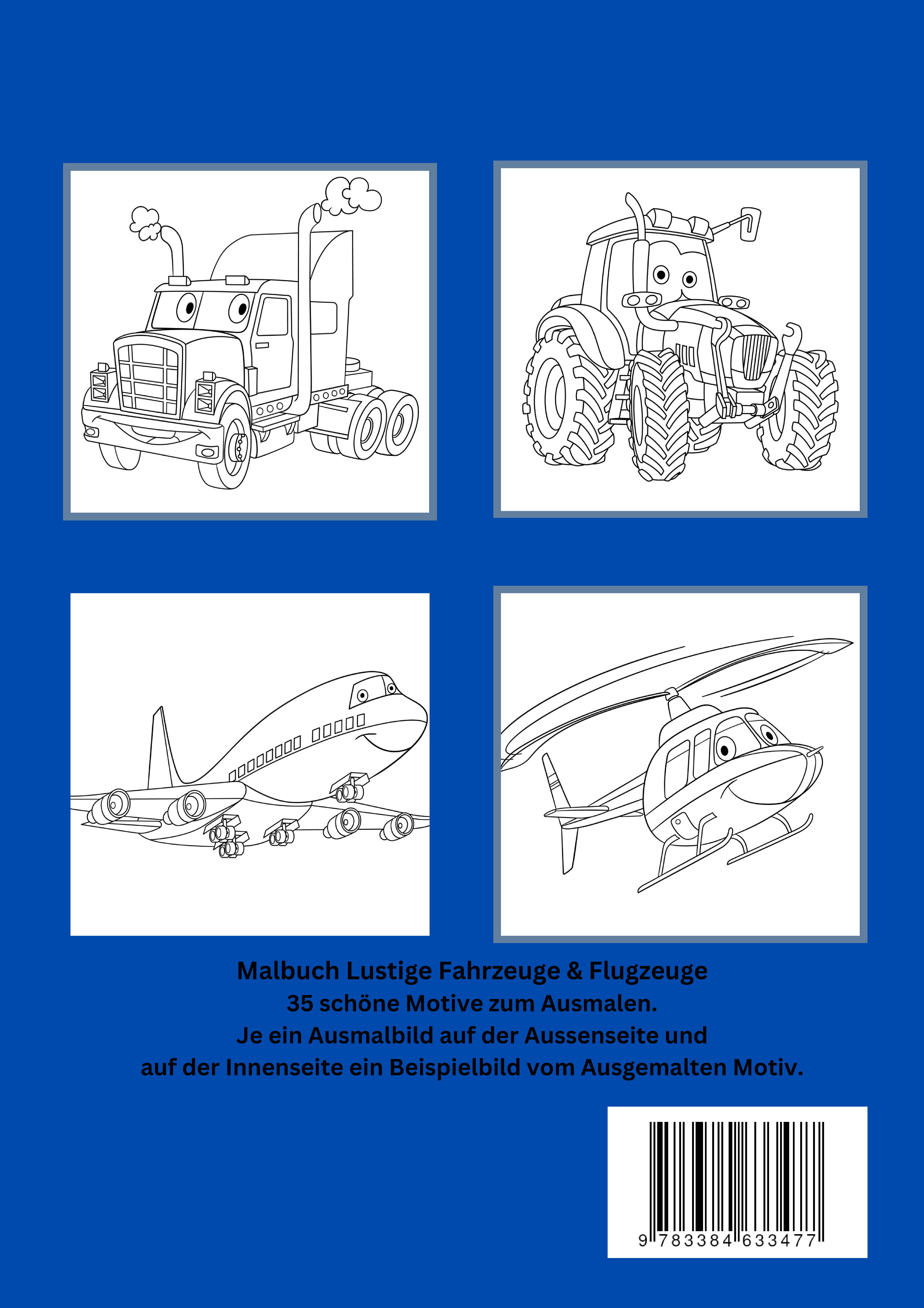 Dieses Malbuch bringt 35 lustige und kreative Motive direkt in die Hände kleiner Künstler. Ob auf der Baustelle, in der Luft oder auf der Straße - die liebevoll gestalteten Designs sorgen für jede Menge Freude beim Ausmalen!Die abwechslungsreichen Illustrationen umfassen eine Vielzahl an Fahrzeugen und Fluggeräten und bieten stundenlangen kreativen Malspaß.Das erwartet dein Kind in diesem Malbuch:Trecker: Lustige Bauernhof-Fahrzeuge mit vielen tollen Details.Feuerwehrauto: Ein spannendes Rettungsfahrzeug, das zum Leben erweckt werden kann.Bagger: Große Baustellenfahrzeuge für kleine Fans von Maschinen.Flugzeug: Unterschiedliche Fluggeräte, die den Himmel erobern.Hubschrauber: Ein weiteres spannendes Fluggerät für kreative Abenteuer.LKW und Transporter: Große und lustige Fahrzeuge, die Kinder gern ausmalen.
--
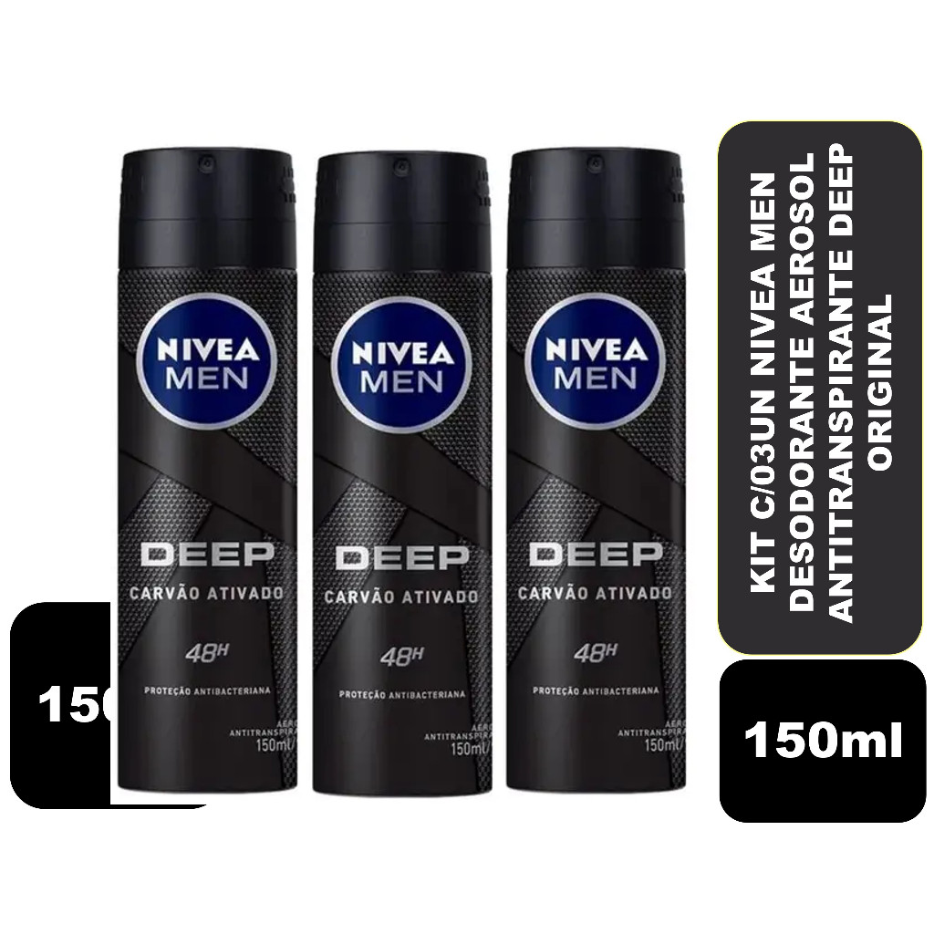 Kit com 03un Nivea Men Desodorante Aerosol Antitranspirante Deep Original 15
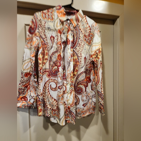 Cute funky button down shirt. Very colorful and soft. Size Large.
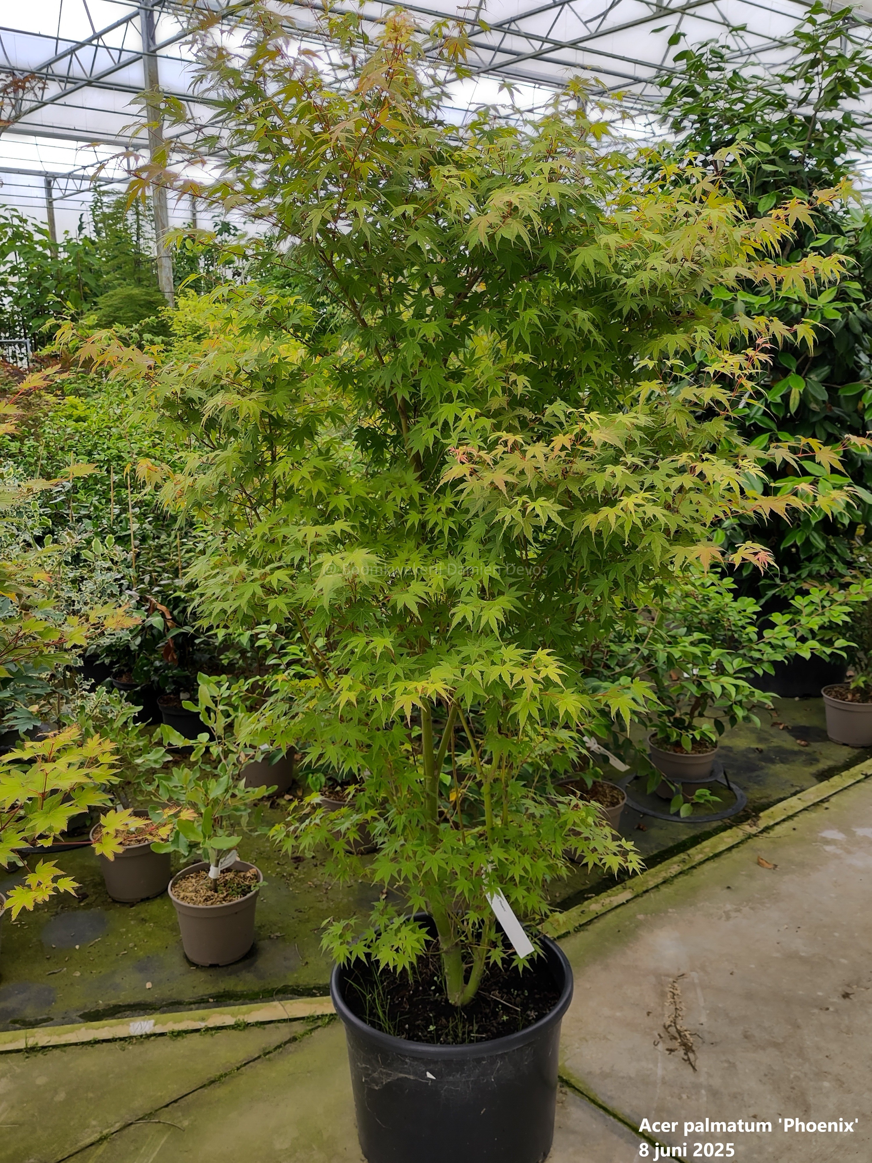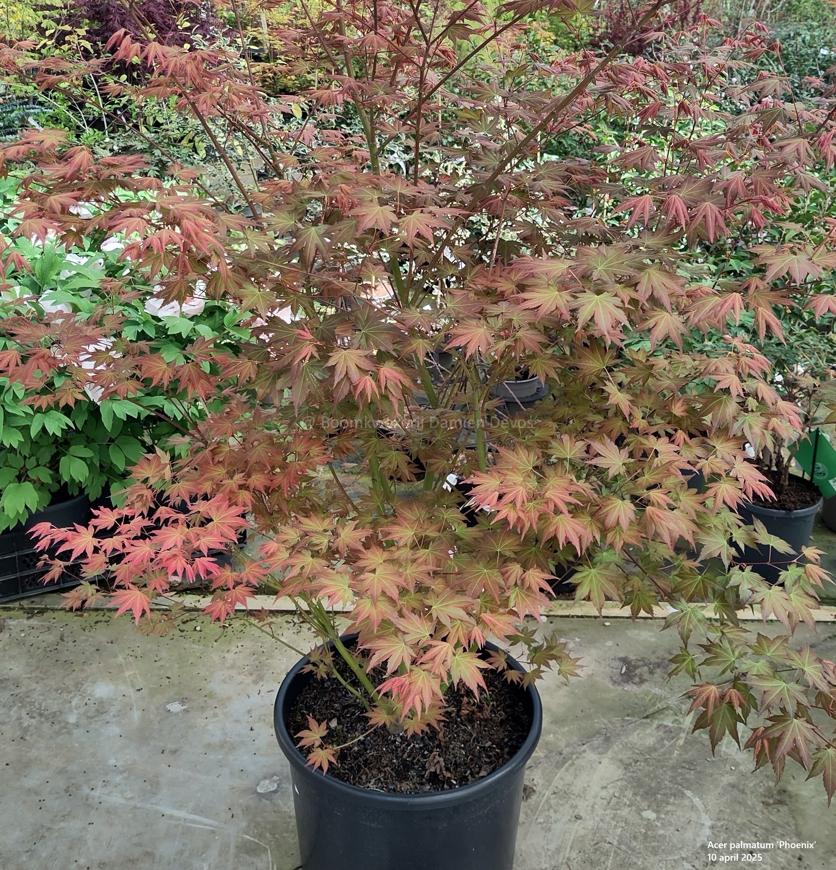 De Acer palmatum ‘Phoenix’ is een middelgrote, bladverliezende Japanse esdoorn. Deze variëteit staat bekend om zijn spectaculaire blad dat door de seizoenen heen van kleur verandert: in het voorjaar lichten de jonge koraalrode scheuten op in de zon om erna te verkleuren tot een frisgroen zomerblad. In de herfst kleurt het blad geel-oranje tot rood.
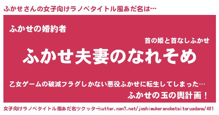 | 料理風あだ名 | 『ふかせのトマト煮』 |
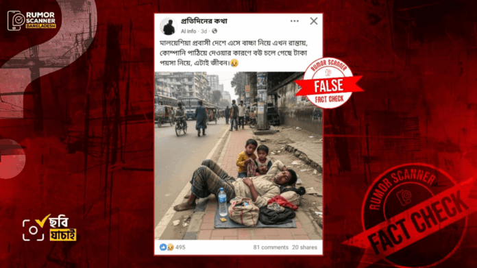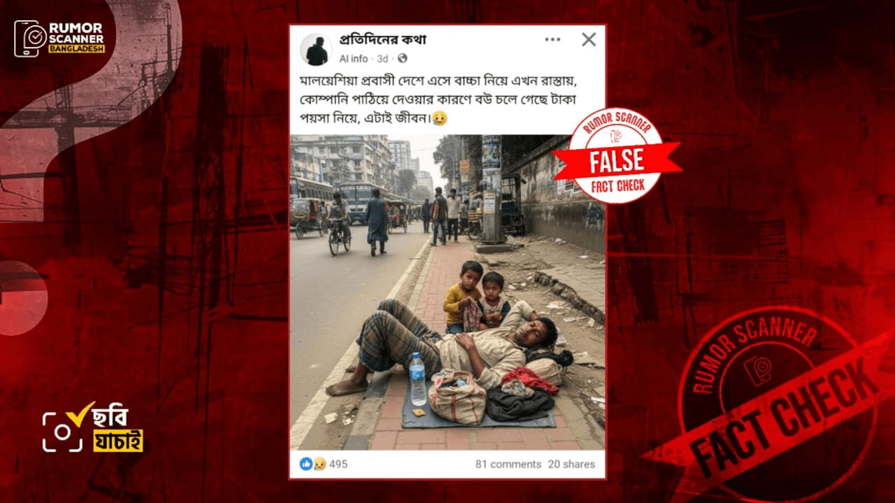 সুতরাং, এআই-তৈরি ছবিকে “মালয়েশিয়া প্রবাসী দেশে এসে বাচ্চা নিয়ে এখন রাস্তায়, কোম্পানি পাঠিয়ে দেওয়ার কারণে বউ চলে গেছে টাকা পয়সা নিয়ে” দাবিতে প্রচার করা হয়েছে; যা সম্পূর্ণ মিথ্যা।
--
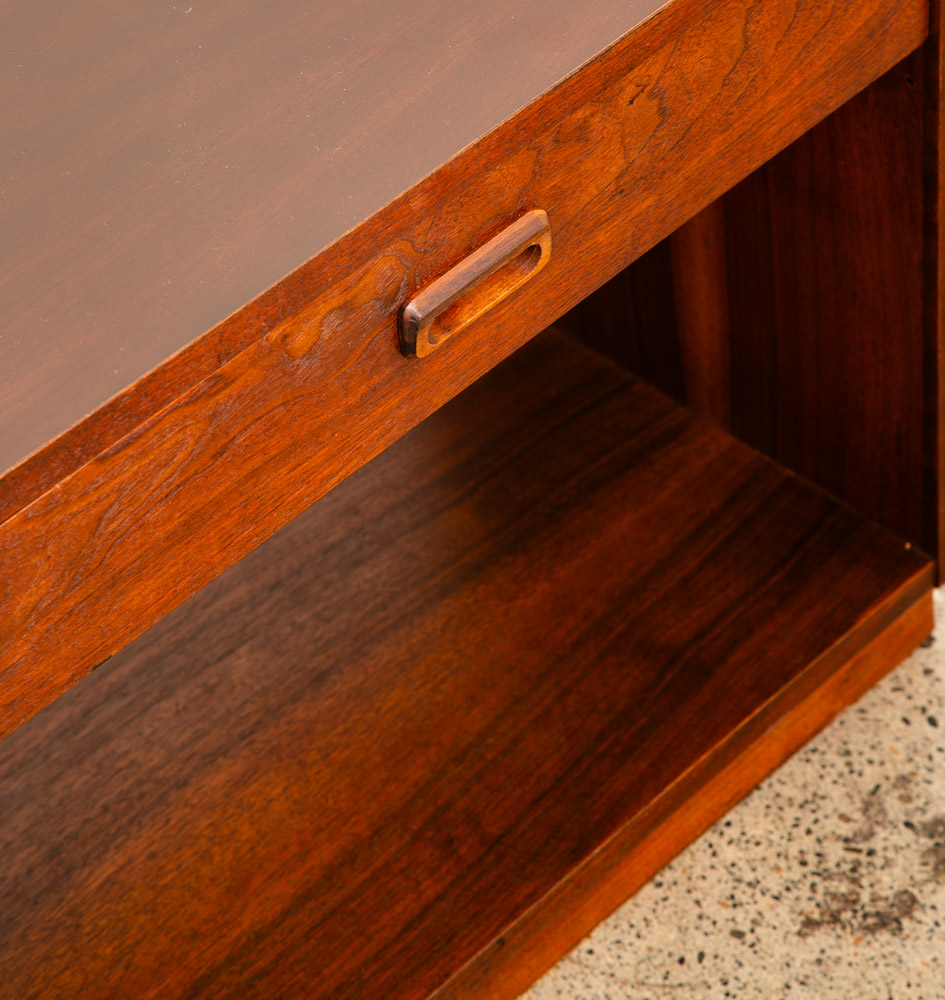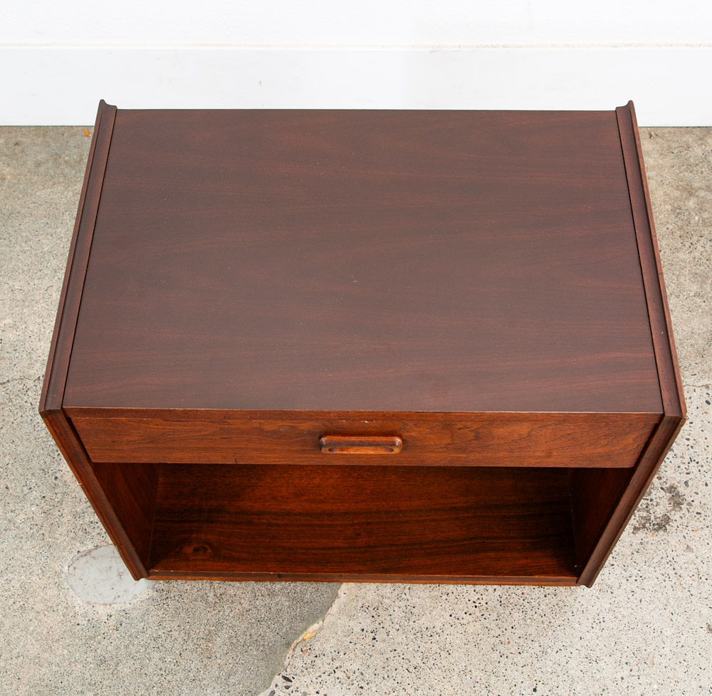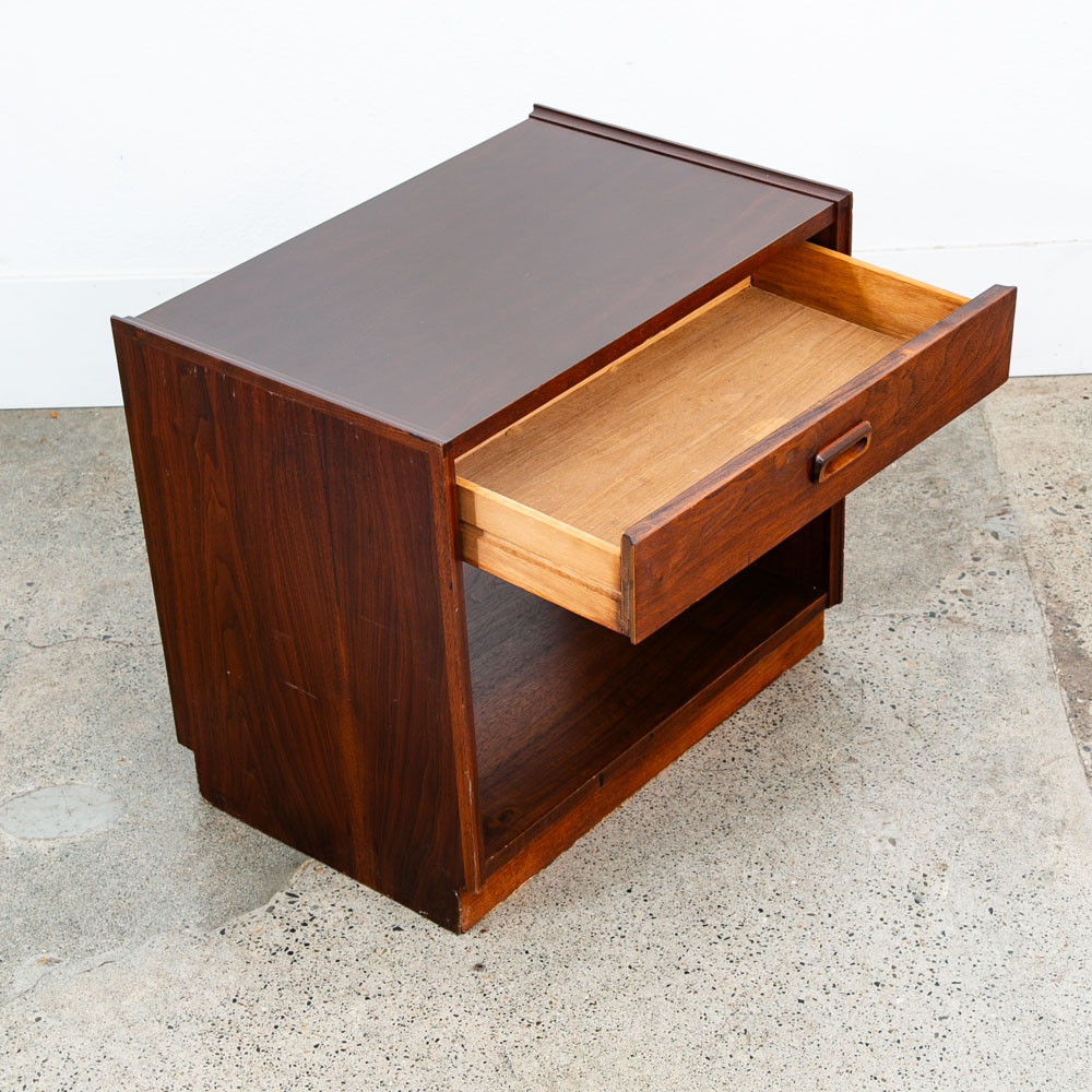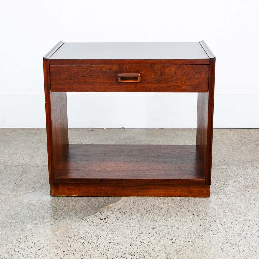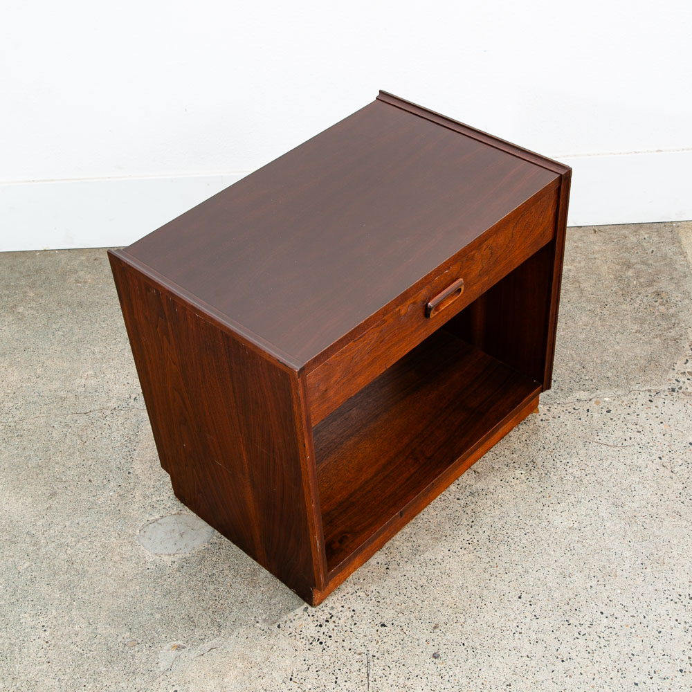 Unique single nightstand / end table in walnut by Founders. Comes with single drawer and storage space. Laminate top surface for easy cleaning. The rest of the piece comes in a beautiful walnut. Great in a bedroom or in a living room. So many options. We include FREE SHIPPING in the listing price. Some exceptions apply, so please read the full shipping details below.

Instructions to follow:
Given the entries above, transcribe exactly the lines from the one holding "De Acer palmatum" through the one holding "料理風あだ名 | 『ふかせのトマト煮』 |"; pictures do not belong in the transcription.

Solution:
 De Acer palmatum ‘Phoenix’ is een middelgrote, bladverliezende Japanse esdoorn. Deze variëteit staat bekend om zijn spectaculaire blad dat door de seizoenen heen van kleur verandert: in het voorjaar lichten de jonge koraalrode scheuten op in de zon om erna te verkleuren tot een frisgroen zomerblad. In de herfst kleurt het blad geel-oranje tot rood.
 | 料理風あだ名 | 『ふかせのトマト煮』 |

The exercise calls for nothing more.